La pregunta sale sobrando. Son estudiantes, seres humanos, con defectos y virtudes, con comportamientos distintos y con caracteres distintas.
Sin embargo, tal parece que aquellos que no siguen estrictamente las reglas, que su hiperactividad no les permite estar sentados más de seis horas dentro de un aula o que, simplemente, son inmaduros, deben salirse de la escuela porque nadie parece querer atenderlos.
Escuchaba a una madre quejarse de que su hijo, que es un buen niño, pero indisciplinado y distraído, presenta problemas en su escuela porque una de sus maestras se niega a prestarle la debida atención con la excusa de que es un trabajo extra. Que lo atienda otra, aduce.

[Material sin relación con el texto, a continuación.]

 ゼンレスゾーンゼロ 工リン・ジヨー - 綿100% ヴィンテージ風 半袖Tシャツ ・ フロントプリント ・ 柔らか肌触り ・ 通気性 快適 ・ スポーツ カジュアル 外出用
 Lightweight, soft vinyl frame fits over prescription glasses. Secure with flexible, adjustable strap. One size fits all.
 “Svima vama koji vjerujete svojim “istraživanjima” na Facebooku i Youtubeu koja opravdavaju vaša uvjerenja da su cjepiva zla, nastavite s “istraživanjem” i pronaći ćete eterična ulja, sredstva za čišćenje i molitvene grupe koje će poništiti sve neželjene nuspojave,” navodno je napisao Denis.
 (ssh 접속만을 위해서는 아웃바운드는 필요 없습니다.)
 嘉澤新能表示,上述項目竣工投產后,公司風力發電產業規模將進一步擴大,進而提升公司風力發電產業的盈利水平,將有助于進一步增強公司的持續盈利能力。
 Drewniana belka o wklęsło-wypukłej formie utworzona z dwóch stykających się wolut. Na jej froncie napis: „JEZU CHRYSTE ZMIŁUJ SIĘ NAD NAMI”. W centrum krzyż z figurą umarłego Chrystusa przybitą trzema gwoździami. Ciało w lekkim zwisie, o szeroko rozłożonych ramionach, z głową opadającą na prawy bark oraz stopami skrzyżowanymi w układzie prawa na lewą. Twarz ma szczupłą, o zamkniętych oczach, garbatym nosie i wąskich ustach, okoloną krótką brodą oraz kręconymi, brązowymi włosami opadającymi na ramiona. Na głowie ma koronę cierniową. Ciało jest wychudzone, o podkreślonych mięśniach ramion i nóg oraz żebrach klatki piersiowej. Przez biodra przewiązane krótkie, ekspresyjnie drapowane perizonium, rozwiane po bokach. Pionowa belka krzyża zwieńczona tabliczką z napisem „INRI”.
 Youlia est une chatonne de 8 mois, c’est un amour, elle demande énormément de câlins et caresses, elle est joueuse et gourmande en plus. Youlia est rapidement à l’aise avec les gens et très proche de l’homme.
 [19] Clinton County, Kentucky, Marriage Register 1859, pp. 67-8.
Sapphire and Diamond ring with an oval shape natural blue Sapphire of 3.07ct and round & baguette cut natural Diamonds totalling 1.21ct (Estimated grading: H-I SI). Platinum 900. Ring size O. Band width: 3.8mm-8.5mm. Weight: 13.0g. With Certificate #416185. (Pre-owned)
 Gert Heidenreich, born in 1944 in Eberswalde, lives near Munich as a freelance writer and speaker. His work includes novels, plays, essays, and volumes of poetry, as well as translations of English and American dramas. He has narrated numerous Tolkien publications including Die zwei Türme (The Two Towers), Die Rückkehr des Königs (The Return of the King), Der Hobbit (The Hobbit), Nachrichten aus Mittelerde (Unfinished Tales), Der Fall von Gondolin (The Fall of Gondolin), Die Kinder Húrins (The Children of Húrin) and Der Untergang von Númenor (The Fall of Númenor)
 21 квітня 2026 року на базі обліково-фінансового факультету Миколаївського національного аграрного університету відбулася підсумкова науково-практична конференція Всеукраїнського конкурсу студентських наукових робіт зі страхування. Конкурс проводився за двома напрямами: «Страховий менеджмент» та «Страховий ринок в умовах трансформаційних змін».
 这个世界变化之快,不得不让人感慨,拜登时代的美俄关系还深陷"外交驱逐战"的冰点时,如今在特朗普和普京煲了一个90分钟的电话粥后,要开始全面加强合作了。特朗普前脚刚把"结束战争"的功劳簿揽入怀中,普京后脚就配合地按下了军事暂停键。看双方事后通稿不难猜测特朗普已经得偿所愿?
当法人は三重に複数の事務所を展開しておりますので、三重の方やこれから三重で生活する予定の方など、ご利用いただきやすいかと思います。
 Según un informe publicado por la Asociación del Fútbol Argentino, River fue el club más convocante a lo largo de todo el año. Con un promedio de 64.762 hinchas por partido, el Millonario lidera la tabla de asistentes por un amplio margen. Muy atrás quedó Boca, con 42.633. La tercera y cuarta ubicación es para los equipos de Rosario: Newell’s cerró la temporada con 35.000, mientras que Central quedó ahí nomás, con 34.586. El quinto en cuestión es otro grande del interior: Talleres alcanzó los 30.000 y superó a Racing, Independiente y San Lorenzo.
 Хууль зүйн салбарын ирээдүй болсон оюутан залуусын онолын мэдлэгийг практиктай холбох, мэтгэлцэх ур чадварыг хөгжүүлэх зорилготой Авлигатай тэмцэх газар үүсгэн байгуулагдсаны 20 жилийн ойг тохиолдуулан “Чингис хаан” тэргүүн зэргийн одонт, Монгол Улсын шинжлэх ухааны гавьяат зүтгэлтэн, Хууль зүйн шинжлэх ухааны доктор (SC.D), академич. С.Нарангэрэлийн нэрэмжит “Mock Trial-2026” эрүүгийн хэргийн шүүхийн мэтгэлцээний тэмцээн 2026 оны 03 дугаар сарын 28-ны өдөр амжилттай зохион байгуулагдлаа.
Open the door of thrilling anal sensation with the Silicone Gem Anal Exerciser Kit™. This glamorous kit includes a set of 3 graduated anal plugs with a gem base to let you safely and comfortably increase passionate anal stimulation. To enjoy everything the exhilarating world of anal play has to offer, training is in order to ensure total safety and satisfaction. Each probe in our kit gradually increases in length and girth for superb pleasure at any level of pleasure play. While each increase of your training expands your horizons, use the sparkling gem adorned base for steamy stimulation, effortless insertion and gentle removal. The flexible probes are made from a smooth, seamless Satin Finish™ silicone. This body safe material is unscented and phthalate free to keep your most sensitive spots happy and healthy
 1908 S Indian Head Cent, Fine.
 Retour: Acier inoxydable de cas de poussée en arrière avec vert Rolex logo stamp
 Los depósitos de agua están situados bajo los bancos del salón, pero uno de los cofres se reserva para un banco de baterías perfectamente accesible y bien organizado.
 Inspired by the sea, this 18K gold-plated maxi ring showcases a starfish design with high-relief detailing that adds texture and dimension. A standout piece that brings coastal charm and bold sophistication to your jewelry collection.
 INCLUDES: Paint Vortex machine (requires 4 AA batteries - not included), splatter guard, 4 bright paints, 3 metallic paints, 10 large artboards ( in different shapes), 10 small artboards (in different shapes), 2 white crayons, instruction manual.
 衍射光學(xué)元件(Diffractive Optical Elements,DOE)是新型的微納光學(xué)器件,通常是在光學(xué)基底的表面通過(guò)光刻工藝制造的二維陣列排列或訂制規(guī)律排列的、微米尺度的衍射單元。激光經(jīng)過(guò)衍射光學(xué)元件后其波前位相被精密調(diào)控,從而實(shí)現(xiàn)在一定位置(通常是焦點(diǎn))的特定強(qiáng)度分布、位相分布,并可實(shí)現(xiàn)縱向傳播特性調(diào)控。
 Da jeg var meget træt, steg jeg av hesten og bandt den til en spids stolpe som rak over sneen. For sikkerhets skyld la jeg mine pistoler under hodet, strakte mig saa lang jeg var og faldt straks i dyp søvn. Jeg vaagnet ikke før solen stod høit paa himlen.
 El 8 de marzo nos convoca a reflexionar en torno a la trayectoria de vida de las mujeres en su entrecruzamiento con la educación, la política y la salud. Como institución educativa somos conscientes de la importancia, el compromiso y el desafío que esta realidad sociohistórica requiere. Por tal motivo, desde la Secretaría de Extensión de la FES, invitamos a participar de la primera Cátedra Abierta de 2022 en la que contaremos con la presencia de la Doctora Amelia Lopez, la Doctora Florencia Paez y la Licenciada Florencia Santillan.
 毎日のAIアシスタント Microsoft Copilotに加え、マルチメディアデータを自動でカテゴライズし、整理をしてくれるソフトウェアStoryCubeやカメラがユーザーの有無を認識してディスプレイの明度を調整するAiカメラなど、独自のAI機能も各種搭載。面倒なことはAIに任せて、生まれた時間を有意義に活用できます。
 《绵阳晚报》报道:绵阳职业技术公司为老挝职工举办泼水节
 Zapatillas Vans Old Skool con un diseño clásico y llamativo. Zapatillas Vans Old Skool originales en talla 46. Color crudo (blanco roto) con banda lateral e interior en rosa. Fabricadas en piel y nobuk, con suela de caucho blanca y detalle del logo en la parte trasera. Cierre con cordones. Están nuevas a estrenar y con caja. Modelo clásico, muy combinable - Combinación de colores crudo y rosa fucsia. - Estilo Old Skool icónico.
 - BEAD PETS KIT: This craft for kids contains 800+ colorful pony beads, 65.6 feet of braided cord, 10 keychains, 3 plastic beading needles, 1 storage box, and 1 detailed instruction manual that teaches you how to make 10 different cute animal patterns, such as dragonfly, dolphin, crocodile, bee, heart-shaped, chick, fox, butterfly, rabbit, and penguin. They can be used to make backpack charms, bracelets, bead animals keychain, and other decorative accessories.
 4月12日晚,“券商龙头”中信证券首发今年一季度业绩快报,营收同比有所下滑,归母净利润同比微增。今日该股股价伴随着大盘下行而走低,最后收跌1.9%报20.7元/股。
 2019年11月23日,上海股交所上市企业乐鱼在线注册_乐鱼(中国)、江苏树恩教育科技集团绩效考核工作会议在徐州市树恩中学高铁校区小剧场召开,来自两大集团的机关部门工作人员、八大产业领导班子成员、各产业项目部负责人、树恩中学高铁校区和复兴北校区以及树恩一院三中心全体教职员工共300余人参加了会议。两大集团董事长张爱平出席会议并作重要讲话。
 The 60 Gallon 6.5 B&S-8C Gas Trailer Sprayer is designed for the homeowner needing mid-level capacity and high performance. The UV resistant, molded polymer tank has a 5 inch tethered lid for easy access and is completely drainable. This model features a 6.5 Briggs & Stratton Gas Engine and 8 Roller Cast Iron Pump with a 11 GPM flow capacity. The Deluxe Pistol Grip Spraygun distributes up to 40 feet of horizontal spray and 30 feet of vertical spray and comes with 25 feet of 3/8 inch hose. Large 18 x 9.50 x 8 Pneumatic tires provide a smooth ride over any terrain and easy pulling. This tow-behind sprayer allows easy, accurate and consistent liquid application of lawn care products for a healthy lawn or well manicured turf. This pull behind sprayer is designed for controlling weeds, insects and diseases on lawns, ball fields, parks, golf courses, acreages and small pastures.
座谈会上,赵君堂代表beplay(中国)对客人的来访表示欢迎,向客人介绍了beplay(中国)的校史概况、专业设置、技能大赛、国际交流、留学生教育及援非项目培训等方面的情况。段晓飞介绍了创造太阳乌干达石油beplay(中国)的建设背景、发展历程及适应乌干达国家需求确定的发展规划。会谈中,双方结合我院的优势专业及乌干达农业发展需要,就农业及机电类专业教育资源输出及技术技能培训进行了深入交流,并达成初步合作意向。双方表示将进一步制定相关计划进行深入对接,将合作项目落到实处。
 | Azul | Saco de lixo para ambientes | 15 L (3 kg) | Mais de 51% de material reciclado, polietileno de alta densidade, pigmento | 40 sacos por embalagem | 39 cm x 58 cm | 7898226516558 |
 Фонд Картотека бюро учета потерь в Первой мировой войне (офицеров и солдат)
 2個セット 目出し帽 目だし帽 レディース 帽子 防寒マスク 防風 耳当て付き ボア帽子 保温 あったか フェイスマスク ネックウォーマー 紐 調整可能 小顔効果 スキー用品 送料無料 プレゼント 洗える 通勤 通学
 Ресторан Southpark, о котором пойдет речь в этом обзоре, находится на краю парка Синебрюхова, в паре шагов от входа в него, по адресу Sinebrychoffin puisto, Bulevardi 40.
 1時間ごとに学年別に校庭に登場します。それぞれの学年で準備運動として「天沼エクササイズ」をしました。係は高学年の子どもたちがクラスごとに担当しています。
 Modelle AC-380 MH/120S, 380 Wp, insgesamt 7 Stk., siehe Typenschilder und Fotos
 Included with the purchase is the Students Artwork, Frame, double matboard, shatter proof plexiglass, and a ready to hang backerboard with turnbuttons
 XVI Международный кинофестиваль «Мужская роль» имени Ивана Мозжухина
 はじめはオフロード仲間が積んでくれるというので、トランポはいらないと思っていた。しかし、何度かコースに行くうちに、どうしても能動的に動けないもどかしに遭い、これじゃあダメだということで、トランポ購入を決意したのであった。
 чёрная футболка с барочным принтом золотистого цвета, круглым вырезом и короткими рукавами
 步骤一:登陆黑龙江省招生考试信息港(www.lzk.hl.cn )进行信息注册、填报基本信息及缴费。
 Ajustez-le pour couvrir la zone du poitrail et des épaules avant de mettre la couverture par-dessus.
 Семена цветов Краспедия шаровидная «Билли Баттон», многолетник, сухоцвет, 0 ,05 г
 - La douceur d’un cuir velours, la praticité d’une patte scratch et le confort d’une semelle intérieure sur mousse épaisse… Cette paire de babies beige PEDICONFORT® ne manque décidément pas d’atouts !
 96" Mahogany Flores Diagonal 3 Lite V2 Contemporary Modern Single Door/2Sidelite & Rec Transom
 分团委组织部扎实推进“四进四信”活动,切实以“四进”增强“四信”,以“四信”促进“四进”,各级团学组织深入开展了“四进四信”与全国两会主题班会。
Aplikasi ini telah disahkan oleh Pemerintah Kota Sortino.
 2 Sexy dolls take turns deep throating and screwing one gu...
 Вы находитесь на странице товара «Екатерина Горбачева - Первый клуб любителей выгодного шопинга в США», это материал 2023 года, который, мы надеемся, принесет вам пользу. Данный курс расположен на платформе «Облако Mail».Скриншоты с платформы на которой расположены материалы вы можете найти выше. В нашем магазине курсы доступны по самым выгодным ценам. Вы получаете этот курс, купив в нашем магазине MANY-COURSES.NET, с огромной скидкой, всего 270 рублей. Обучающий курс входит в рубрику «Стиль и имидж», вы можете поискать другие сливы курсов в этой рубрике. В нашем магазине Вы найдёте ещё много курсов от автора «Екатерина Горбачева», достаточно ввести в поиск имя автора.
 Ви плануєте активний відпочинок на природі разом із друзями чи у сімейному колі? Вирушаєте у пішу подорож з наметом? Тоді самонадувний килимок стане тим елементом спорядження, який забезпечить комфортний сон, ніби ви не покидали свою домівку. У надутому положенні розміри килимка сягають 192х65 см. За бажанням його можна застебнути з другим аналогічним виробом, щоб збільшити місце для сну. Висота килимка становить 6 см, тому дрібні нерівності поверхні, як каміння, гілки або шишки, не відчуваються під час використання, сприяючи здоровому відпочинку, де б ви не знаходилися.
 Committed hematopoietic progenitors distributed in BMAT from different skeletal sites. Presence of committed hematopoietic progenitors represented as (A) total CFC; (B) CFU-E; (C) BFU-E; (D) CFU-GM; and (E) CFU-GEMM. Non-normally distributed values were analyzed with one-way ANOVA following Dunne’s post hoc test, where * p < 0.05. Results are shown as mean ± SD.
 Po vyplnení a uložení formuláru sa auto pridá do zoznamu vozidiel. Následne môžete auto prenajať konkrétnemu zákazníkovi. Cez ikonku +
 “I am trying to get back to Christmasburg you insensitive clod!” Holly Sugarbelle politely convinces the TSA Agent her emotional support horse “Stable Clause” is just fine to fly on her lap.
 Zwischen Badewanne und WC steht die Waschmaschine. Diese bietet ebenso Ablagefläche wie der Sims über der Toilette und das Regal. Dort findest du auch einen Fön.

Esa madre, que es supremamente abnegada y se preocupa por cumplir con la más mínima recomendación de psicólogos y paidopsiquiatras, ha llegado al extremo de desconectar la televisión y de quitarle toda diversión y entretenimiento a su hijo, como castigo por su comportamiento.
Pese a ello, no ve resultados. Ese niño vive en un hogar bien constituido, donde cada padre (ambos profesionales) se esmera por cumplir debidamente con su papel de guía y orientador de sus vástagos.
Y la pregunta es: ¿qué hace un padre o una madre en esas condiciones?
Ya no se puede apelar a la vocación del docente, tomando en cuenta que está en peligro de extinción. En mi época de escuela, ese estudiante era un reto para el maestro, que luchaba por sacarlo adelante y convertirlo en un triunfador, junto con sus padres. Hoy es mucho pedir.
Yo apelo a que en cada escuela, pública y privada, haya un gabinete psicopedagógico que cumpla con su papel, que no esté de adorno y que sea coordinado por profesionales con vocación de servir y no por agentes disciplinarios que todo lo que hacen es castigar y señalar con dedo acusador. Así no funciona, porque un niño o adolescente es un ser humano y no un robot que sigue órdenes.